# Suns fans - Your thoughts on the NBA Finals?



## ShuHanGuanYu (Feb 3, 2005)

I was heartbroken when Dallas beat us because I thought we had a good chance against the Heat.

Hahaha. Now I realize I was dead wrong with the way they played in the end of these playoffs. Wade and Miami would not be denied this year, plain and simple. As far as Dallas, I was surprised they lost. I started off this series rooting for them, but that didn't last long. I love Avery Johnson, Jason Terry (we had him first in AZ!), and Josh Howard. I can't stand Nowitzki sometimes, though he had my vote for MVP this year. After watching Dirk this series I don't like him much at all. Dunno, maybe that'll change one day. I don't like Stackhouse. I hate Mark Cuban, so it was at least satisfying to see him lose. I just couldn't bring myself to fully root for Dallas, and found myself rooting for Miami after game 3. Maybe it's a "cheering for the underdog" somewhat, but also it's the stories on Miami.
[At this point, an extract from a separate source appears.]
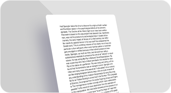 Had Spengler taken the time to discover the origins of both number and Euclidean space in the psychological effects of the phonetic alphabet, The Decline of the West might never have been written. That work is based on the assumption that classical man, Apollonian man, was not the product of a technological bias in Greek culture (namely, the early impact of literacy on a tribal society), but rather the result of a special tremor in the soul stuff that embosomed the Greek world. This is a striking instance of how easily men of any one particular culture will panic when some familiar pattern or landmark gets smudged or shifted because of the indirect pressure of new media. Spengler, as much as Hitler, had derived from radio a subconscious mandate to announce the end of all "rational" or visual values. He was acting like Pip in Dickens' Great Expectations. Pip was a poor boy who had a hidden benefactor who wanted to raise Pip to the status of a gentleman. Pip was ready and willing until he found that his benefactor was an escaped convict. Spengler and Hitler and many more of the would-be "irrationalists" of our century are like singing-telegram delivery boys, who are quite innocent of any understanding of the medium that prompts the song they sing. So far as Tobias Dantzig is concerned in his Number: The Language of Science, the progress from the tactile fingering of toes and fingers to "the homogeneous number concept, which made mathematics possible" is the result of visual abstraction from the operation of tactile manipulation. We have both extremes of this process in our daily speech. The gangster term "to put the finger on" says that somebody's "number" has come up. At the extreme of the graph profiles of the statisticians there is the frankly expressed object of manipulation of population for varieties of power purposes. For example, in any large stockbroker's office there is a modern medicine man known as "Mr. Odd Lots." His magical function is to study the daily purchases and sales of the small buyers on the big exchanges. Long experience

I love Zo, flat out love that guy. I don't care that some think he's an ***, he's always been one of my favorite players all-time. I love Shaq. I love James Posey. I wasn't a huge Wade fan, but now I am after seeing him take over. I love Riley. I don't like GP, but it's always good to see a vet get two big shots to feel like he had a big hand in winning the title. I can't stand Walker and Williams (still can't), and that had something to do with me wanting Dallas to win.

The calls happened to be in favor of the Heat, but I don't think that was intentional by any stretch. People saying Stern rigged this thing is just totally idiotic to me. It was all about the timing of the bad calls. They've called those ticky tack blocking fouls all season long, it was just less focused on until we hit the playoffs. It sucked to see the refs not let them play. But that said, Dallas still must take all responsibility for blowing the 2-0 series lead and each individual game after that. They didn't play well enough to win in my book, period.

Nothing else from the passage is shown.